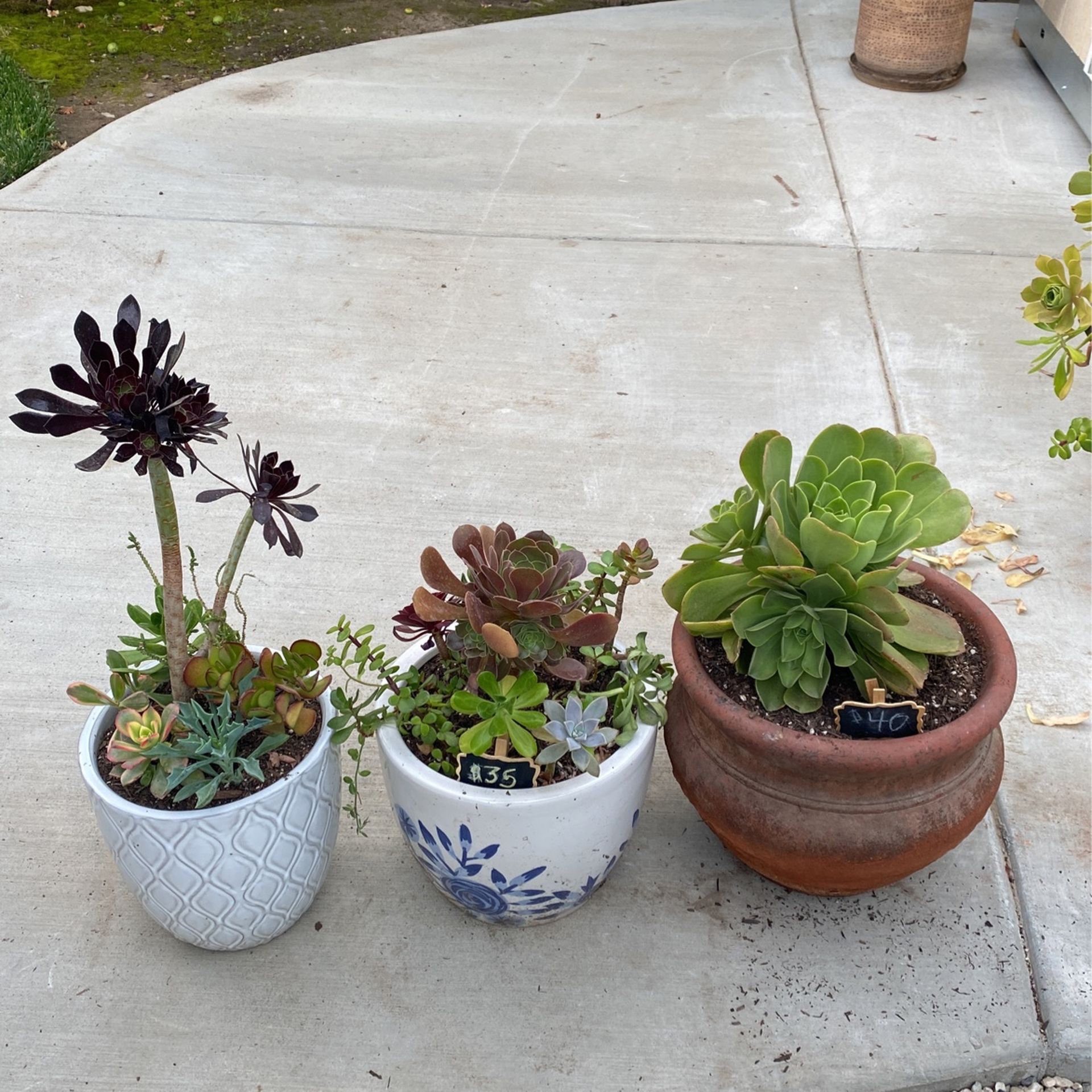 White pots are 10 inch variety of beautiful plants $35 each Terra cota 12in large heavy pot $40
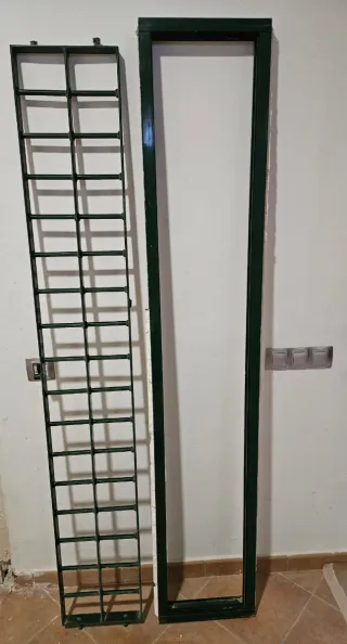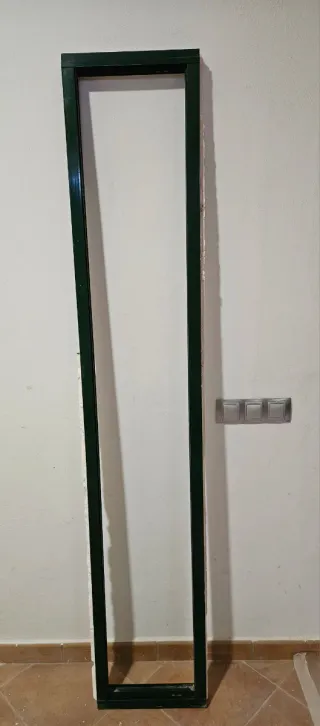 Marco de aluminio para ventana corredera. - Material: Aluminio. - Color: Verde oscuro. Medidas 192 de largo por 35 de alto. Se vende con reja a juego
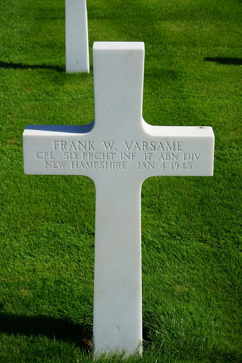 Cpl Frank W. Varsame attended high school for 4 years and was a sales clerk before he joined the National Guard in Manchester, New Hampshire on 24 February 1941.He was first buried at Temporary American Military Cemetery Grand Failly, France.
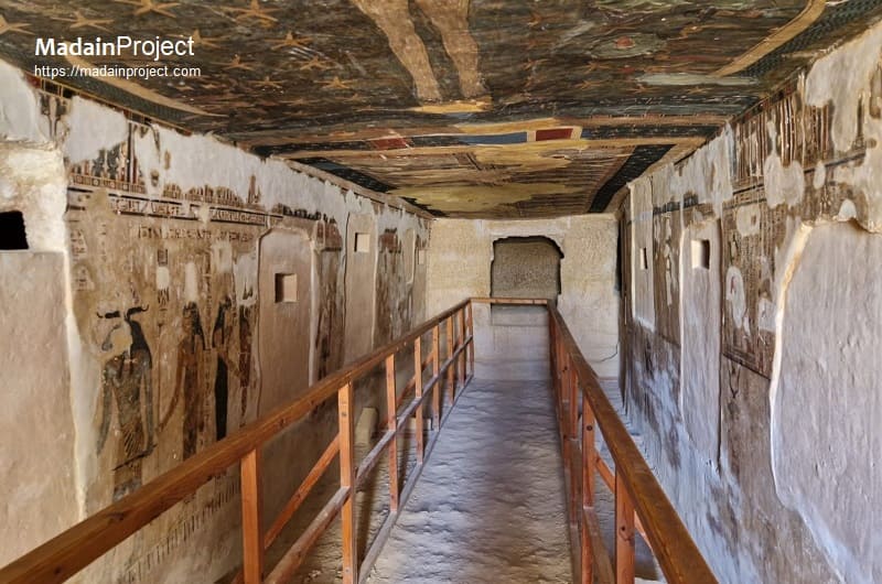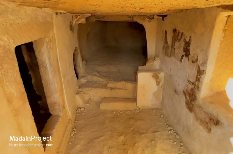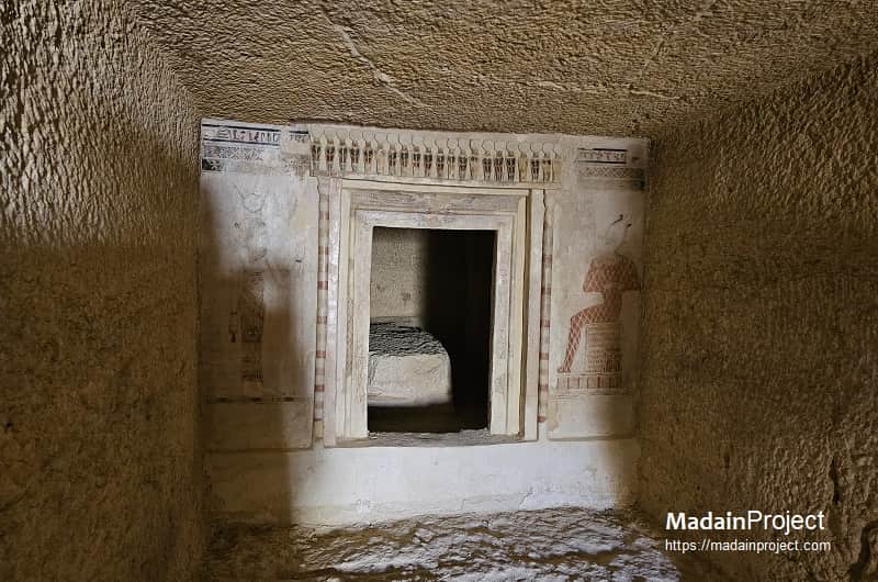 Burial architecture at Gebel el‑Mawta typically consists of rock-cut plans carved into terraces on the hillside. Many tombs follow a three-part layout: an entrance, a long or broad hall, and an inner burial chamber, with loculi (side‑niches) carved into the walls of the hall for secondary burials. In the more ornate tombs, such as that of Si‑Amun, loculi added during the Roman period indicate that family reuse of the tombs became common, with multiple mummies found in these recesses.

How to complete this task:
In the answer, set down only the lines from the opening line of the listing through the line that holds "Marco de aluminio", exactly as they appear, minus the pictures.

Solution to this problem:
 White pots are 10 inch variety of beautiful plants $35 each Terra cota 12in large heavy pot $40
 Marco de aluminio para ventana corredera. - Material: Aluminio. - Color: Verde oscuro. Medidas 192 de largo por 35 de alto. Se vende con reja a juego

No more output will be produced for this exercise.